Results are not what they need to be. Staff is not appropriately responding to direction. Your second-in-command is not developing casting doubt about his/her ability to assume your organization’s top leadership position. A critically important initiative seems to be stuck and is not moving forward according to plan. A “star” performer consistently exceeds goals but does so in a manner that abuses subordinates and colleagues. This is just a partial list of challenges that could require outside assistance. But, what is the best source of help, a coach or a consultant? Understanding the difference between consulting and coaching is key to making the best choice to successfully addressing the challenge. 

The fact is that both practices often follow a similar process. Most engagements typically begin with a “discovery phase” where the nature of the challenge is identified and understood. This leads to a “gap analysis” that identifies the current situation versus the desired state.
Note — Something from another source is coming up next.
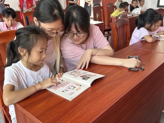 随后,开展“乡村暑韵书香浓,童梦书海乐无穷”暑期阅读活动。返家乡社会实践大学生志愿者带领小朋友们阅读“护苗·绿书签”主题绘本《护苗有我 守护未来》,书中图文并茂、富有趣味的内容迅速抓住了小朋友们的眼球。

The next step is the creation of a “development plan” that lays out the strategies and tactics to address the challenge and satisfy the goals of the engagement. As the engagement is in process progress is monitored and adjustments are made as necessary. Finally, the engagement reaches the “closure” stage where success is achieved and required on-going disciplines are committed to. While the coaching and consulting processes may be similar, their purpose and application is very different. They solve two different kinds of performance problems.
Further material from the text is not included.